Task goal:
Exact transcription of the following records is needed, with every picture dropped.

Raw data:
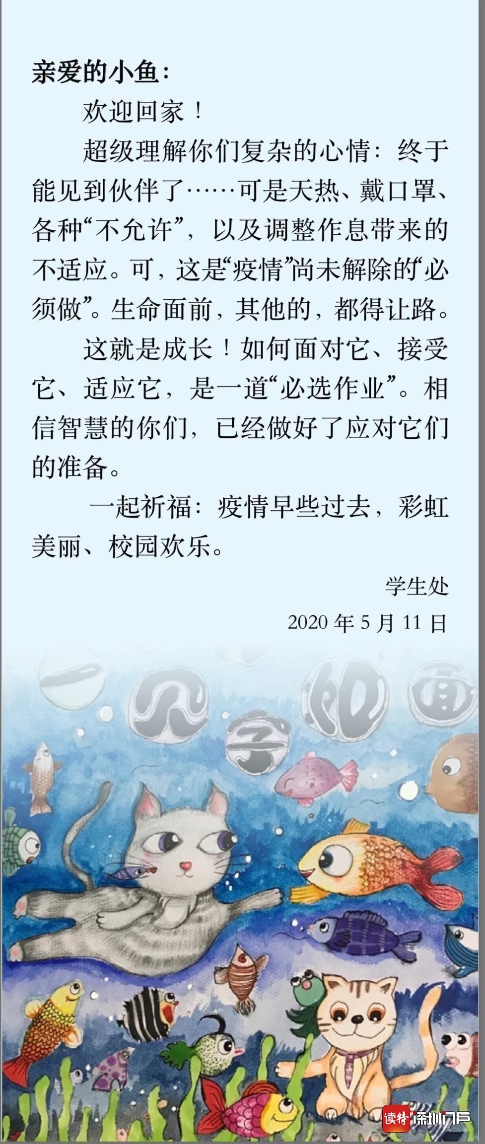 今日,翠北實驗小學1-3年級共有960名學生返學。學校為學生提供了“翠北五樣”小禮包,里面裝有雨衣、備用口罩、手帕、抹布和水杯。此外,學校還為學生設計準備了“萌版書簽”,上面有具體自我防護要求。老貓校長做復課講話后,到班級鼓勵小魚“老貓想你們了”。(讀特記者焦子宇)
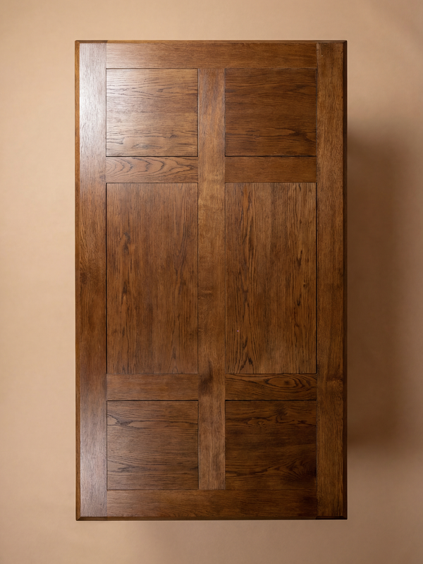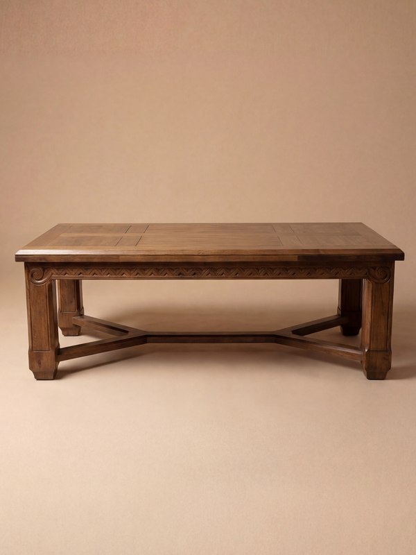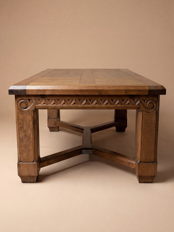 Cette table de salle à manger en chêne est une œuvre emblématique du mouvement Seiz Breur, attribuée à André Le Picard. Elle se distingue par une architecture rigoureuse et une sobriété décorative typique de l’esthétique bretonne modernisée des années 1930, où la tradition artisanale dialogue avec une construction rationnelle. Le plateau rectangulaire présente un élégant jeu de panneaux en chêne massif, encadré par une ceinture finement sculptée de motifs géométriques continus. Les pieds massifs, reliés par une entretoise travaillée, assurent une grande stabilité tout en affirmant une présence sculpturale forte et équilibrée. Dotée de deux rallonges de 50 cm chacune, cette table peut passer de 200 cm à 300 cm de longueur, offrant une remarquable modularité sans compromettre la cohérence du dessin. Une pièce rare, à la fois fonctionnelle et architecturale, représentative du meilleur du mobilier Seiz Breur.
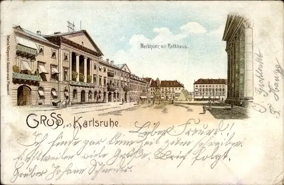 Litho Karlsruhe in Baden, Marktplatz, Rathaus
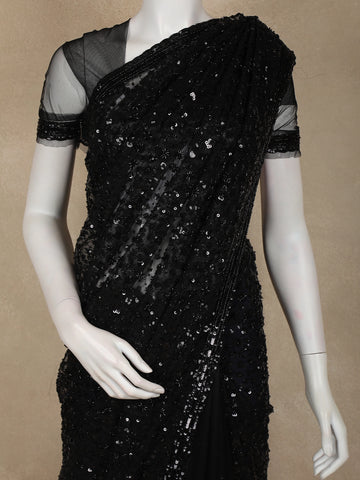 Black Heavy Sequins Embroidered Design Net Designer Saree
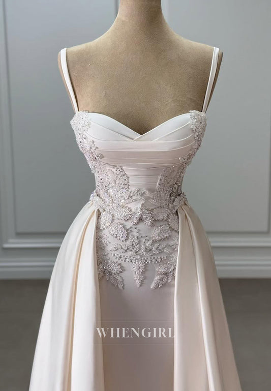 Sheath Sweetheart Sleeveless Pleated Spaghetti Straps Beading Satin Wedding Dress with Court Train
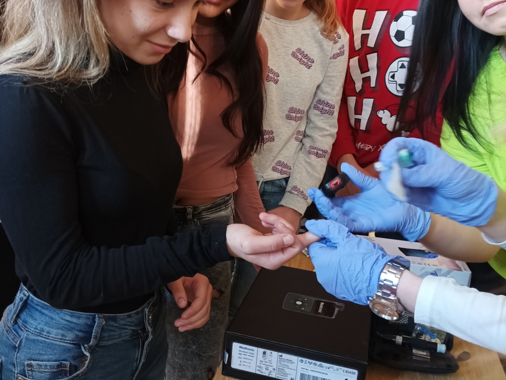 Edukačné vzdelávanie našich žiakov zo IV. B triedy - Šoltysová, Zubrická, Zemanová - pre siedmakov na ZŠ v Matejovciach s témou Cukrovka - Diabetes melitus v živote žiaka na ZŠ.
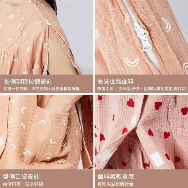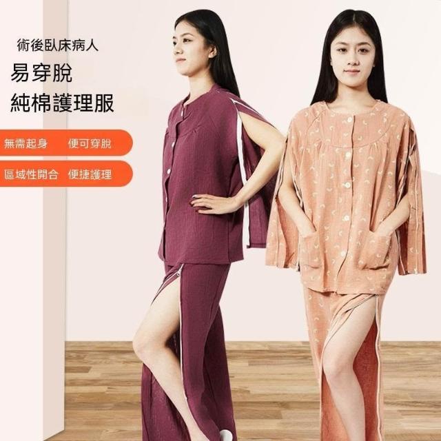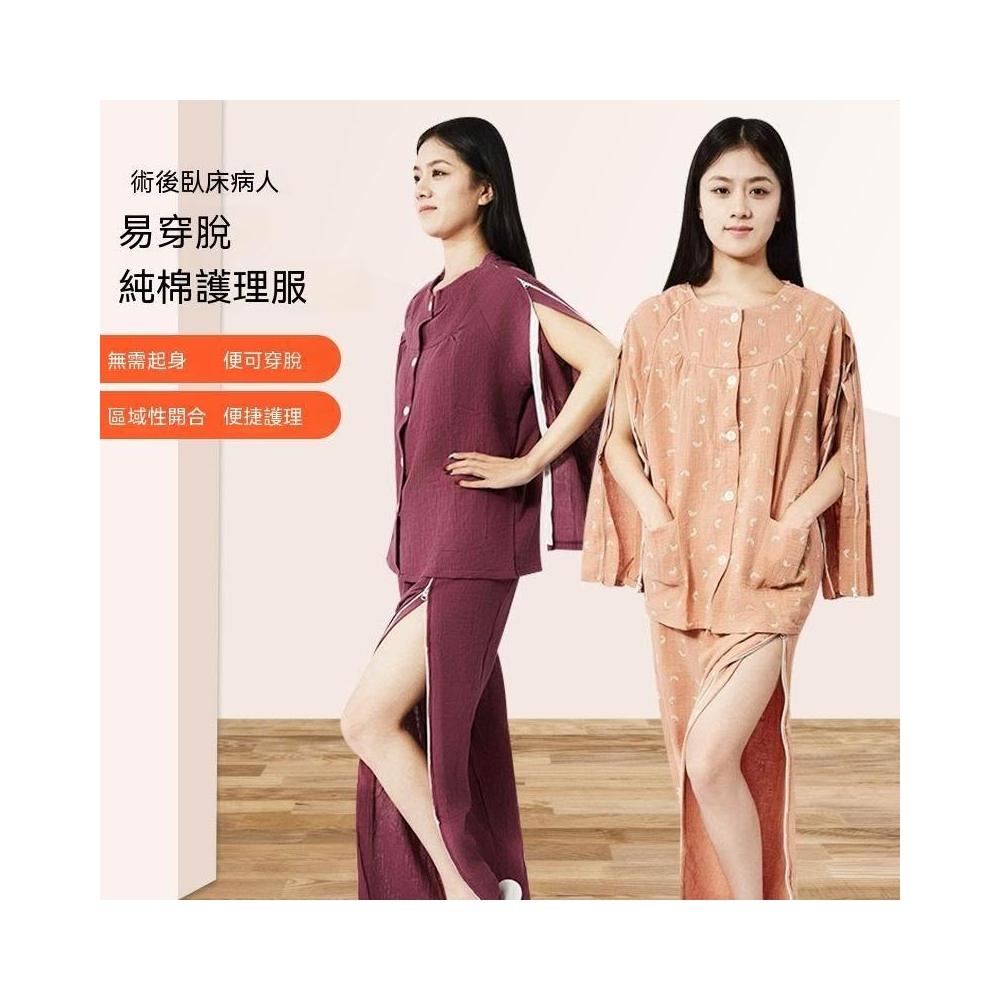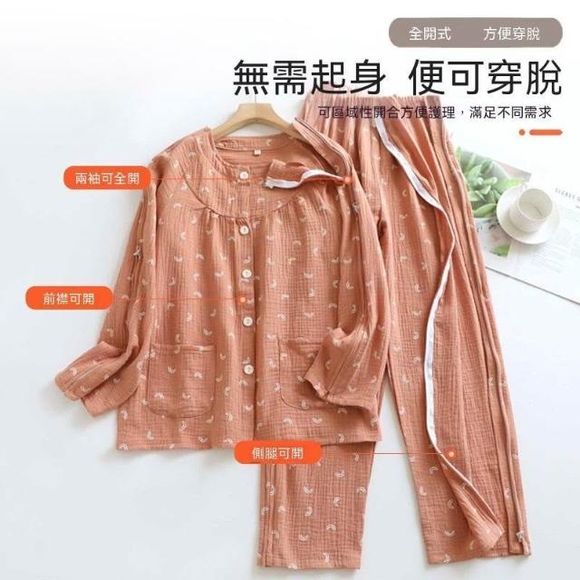 可嘉優選拉鍊臥牀紗布透氣理療服易穿脫女術後鍼灸老人癱瘓家居護理服套裝

Output for this task:
 今日,翠北實驗小學1-3年級共有960名學生返學。學校為學生提供了“翠北五樣”小禮包,里面裝有雨衣、備用口罩、手帕、抹布和水杯。此外,學校還為學生設計準備了“萌版書簽”,上面有具體自我防護要求。老貓校長做復課講話后,到班級鼓勵小魚“老貓想你們了”。(讀特記者焦子宇)
 Cette table de salle à manger en chêne est une œuvre emblématique du mouvement Seiz Breur, attribuée à André Le Picard. Elle se distingue par une architecture rigoureuse et une sobriété décorative typique de l’esthétique bretonne modernisée des années 1930, où la tradition artisanale dialogue avec une construction rationnelle. Le plateau rectangulaire présente un élégant jeu de panneaux en chêne massif, encadré par une ceinture finement sculptée de motifs géométriques continus. Les pieds massifs, reliés par une entretoise travaillée, assurent une grande stabilité tout en affirmant une présence sculpturale forte et équilibrée. Dotée de deux rallonges de 50 cm chacune, cette table peut passer de 200 cm à 300 cm de longueur, offrant une remarquable modularité sans compromettre la cohérence du dessin. Une pièce rare, à la fois fonctionnelle et architecturale, représentative du meilleur du mobilier Seiz Breur.
 Litho Karlsruhe in Baden, Marktplatz, Rathaus
 Black Heavy Sequins Embroidered Design Net Designer Saree
 Sheath Sweetheart Sleeveless Pleated Spaghetti Straps Beading Satin Wedding Dress with Court Train
 Edukačné vzdelávanie našich žiakov zo IV. B triedy - Šoltysová, Zubrická, Zemanová - pre siedmakov na ZŠ v Matejovciach s témou Cukrovka - Diabetes melitus v živote žiaka na ZŠ.
 可嘉優選拉鍊臥牀紗布透氣理療服易穿脫女術後鍼灸老人癱瘓家居護理服套裝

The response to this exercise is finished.